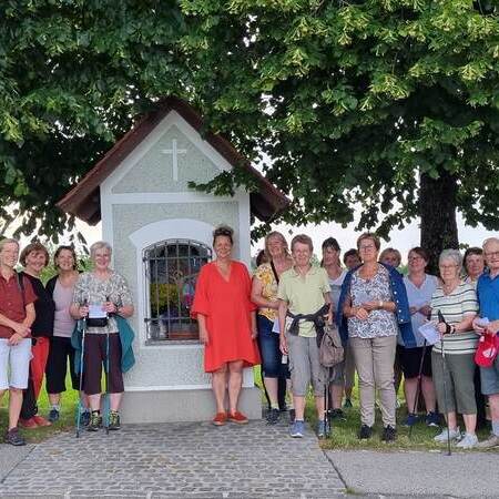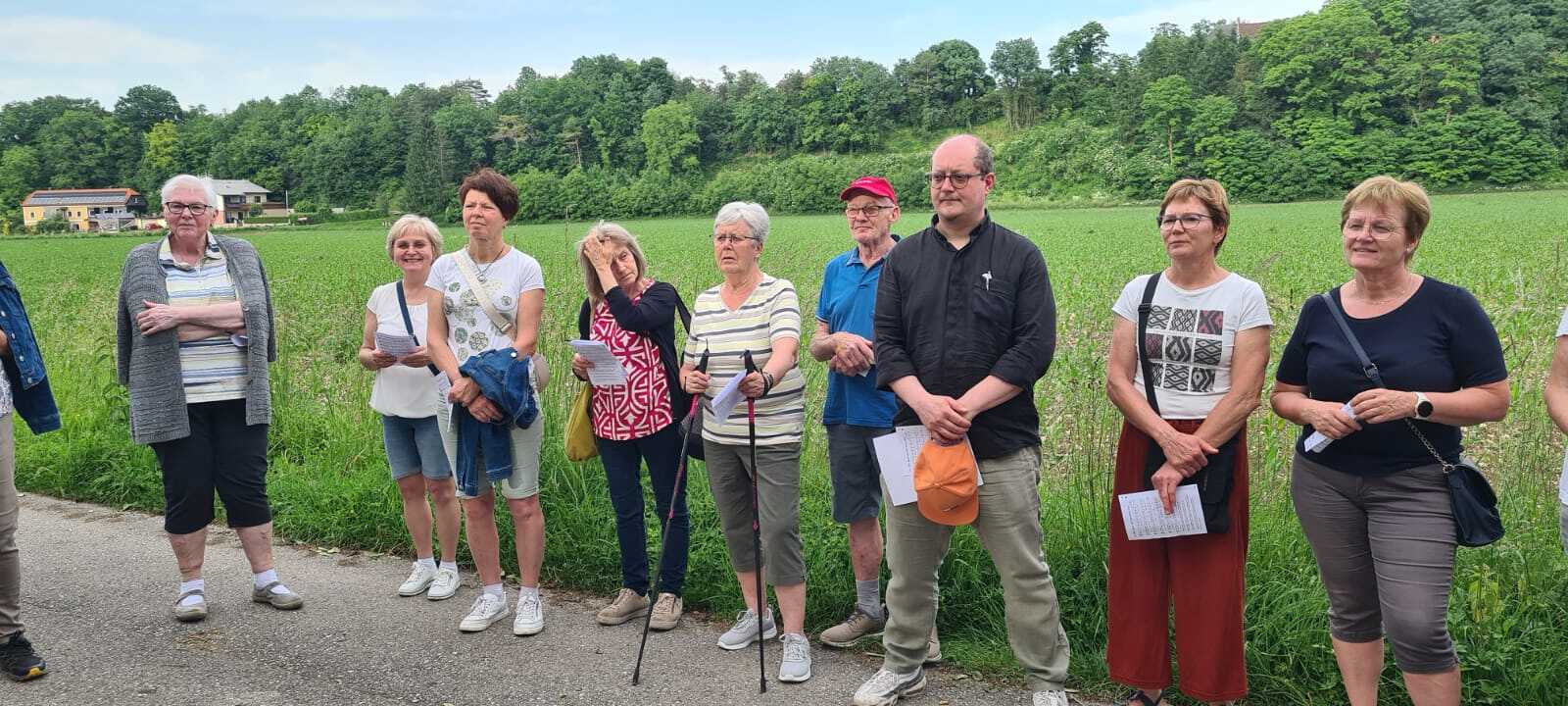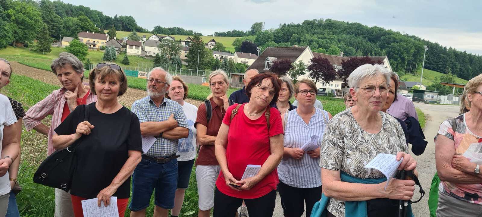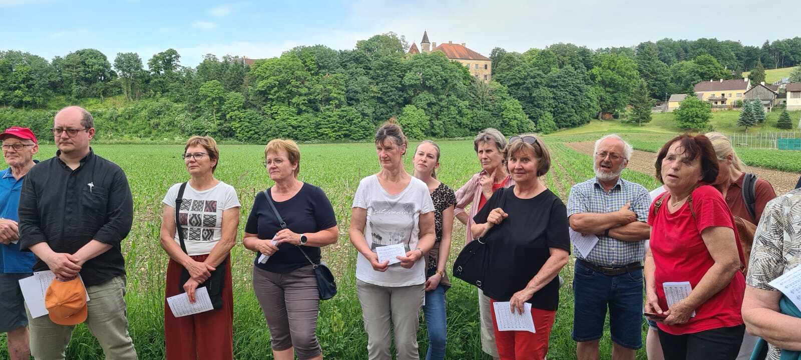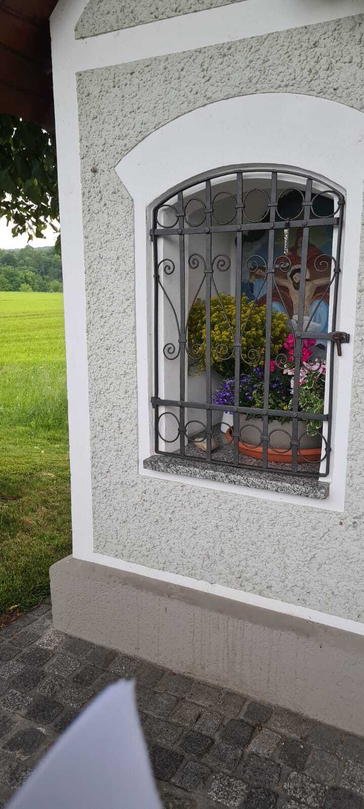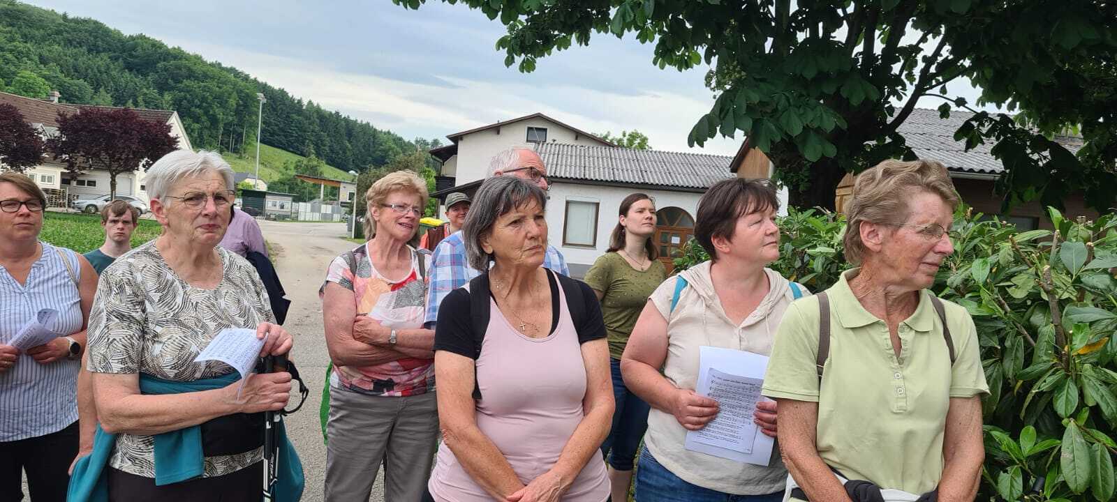 Gestartet wurde beim Bahnhof Kröllendorf, von dort ging es nach einer kurzen Begüßung durch Gerlinde Geiger zur Schwarenthorer Kapelle in der Nähe des Sportplatzes. Nach einigen Worten des Besitzers, Schwarenthorer Thomas, einem Marientext und einem Lied ging es weiter zur Kapelle ins Schloss Kröllendorf. Dort erzählte die Besitzerin Frau Andrea Kafka einiges über die Geschichte der Kappelle und des Schlosses. Nach dem Tagesevangelium fand Pater Vitus passende Worte zum Evangelium und zu den Kapellen. Weiter führte die Wanderung zurück zum Lagerhaus und dann entlang der Bahntrasse zum Marterl im Garten von Frau Anna Schnabl. Nach den erklärenden Worten zum Anna-Marterl gab es einen schönen, hoffnungsvollen und tröstlichen Meditationstext zur hl. Anna.. Die nächste Kapelle auf der Route war die Latzelsberger-Kapelle. Auch dort wurde gemeinsam gebetet, gesungen und Texte verlesen. Nach einer Trinkpause beim Hause Huber- Latzelsberger, die auf grund des warmen Wetters sehr gern angenommen wurde, ging es zurück zum Ausgangspunkt. Die Marienstatue im Garten der Fam. Bruckschwaiger bildete den Abschluss der Kapellenrunde. Auch dort wurde die Gruppe besonders herzlich empfangen und nach Fürbitten und einem Segensgebet mit Getränken und Brötchen bestens bewirtet.
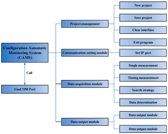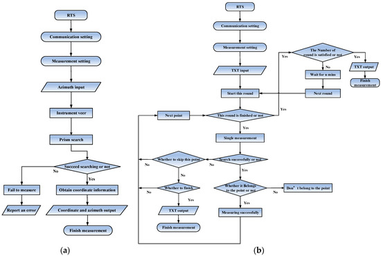 The software system framework of the CAMS is shown in Figure 13. The system consisted of three modules: communication setting, data acquisition, and data output. As the premise of normal operation of the system, the communication setting module ensures stable data communication between the computer and the RTS. As the core function of the system, the data acquisition module is divided into single measurement and timing measurement sub-modules according to the different number of measurement objects, and the search strategy and data determination sub-module are respectively the most important functions of the two measurement modules. The operation flow of the single measurement and timing measurement is shown in Figure 14. The data output module is divided into two sub-modules, which is convenient to operate.
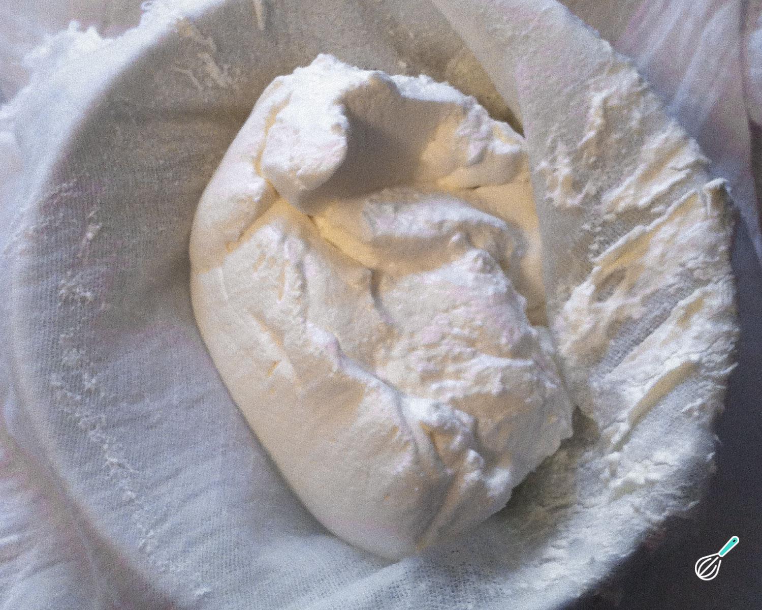 Dica: Para acelerar o processo você pode pressionar a mistura de queijo de kefir com uma colher ou torcer bem o pano.
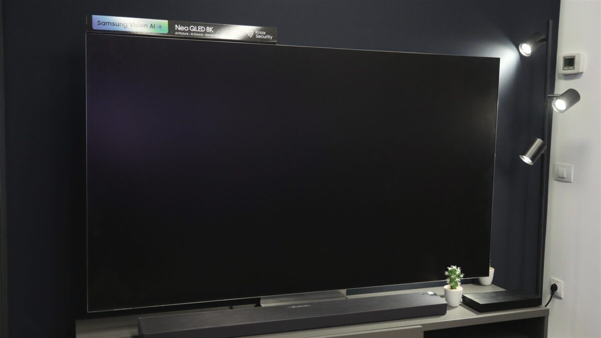 Adăugând în ecuație faptul că panoul este de tip Glare Free, adică este mat și nu prea reflectă mai deloc mediul ambiant, putem înțelege că Samsung 75QN990F se descurcă de minune inclusiv în camere cu multă lumină ambientală, dar chiar și când ai surse de lumină care trimit razele direct spre ecran. Există totuși și un mic inconvenient, abia observabil oricum, în afară de care modelul Samsung 75QN990F nu prea are puncte slabe. Este vorba de acest panou mat, antireflexiv, în sensul că atunci când lumina ambientală ajunge pe ecran la un anumit unghi, iar televizorul redă scene cu obiecte puternic luminoase aflate pe un fundal închis, negru, efectul de blooming este ușor amplificat. Adică, nefiind un panou OLED, care nu suferă de acest efect nedorit de blooming, panoul televizorului Samsung 75QN990F mai poate afișa, în anumite situații, ceva blooming, dar nimic cu adevărat deranjant și, aș spune eu, abia observabil de către cei care nu caută întocmai să găsească acest comportament. Deci nimic grav pe partea de blooming, dar trebuia precizat.
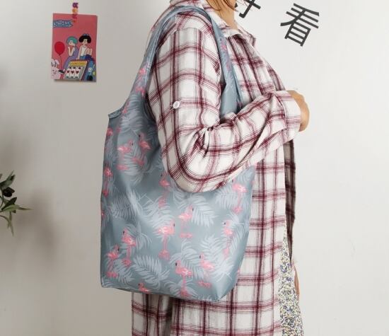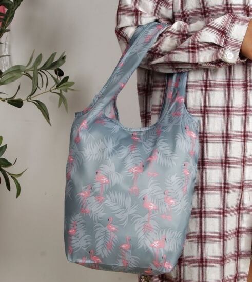 ハンカチ感覚でポケットからサッと取り出せる折りたたみナイロンバッグ。
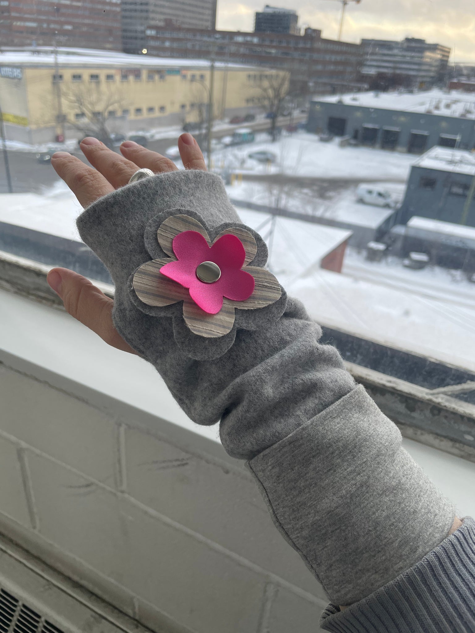 Wool gloves with cotton lining. Flower snaps on and off for easy washing. Medium, 4” wide and 10.5”long(with cuffs folded over). fabric has some stretch
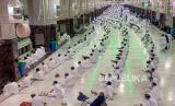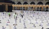 Jamaah umrah menjalankan Shalat Jumat dengan menjaga jarak fisik di Masjidil Haram, Makkah, Arab Saudi (16/4) waktu setempat. (FOTO : REUTERS/STRINGER)
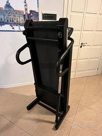 Tapis roulant Treadmill professionale, elettrico, pieghevole e con diverse possibilità di corsa o camminata in salita. Il tappeto misura 37 x 114. L’ingombro totale steso é 64 x 143. Chiuso diventa profondo 57 ed è alto 143. Con ruote per spostarlo. Ritiro solo a mano

------------------------------------------------

(EXERCISE DESCRIPTION)
Repeat only the lines from the one holding "Jamaah umrah menjalankan" through the last line of the data, inclusive. Keep the pictures out.

(EXPECTED ANSWER)
 Jamaah umrah menjalankan Shalat Jumat dengan menjaga jarak fisik di Masjidil Haram, Makkah, Arab Saudi (16/4) waktu setempat. (FOTO : REUTERS/STRINGER)
 Tapis roulant Treadmill professionale, elettrico, pieghevole e con diverse possibilità di corsa o camminata in salita. Il tappeto misura 37 x 114. L’ingombro totale steso é 64 x 143. Chiuso diventa profondo 57 ed è alto 143. Con ruote per spostarlo. Ritiro solo a mano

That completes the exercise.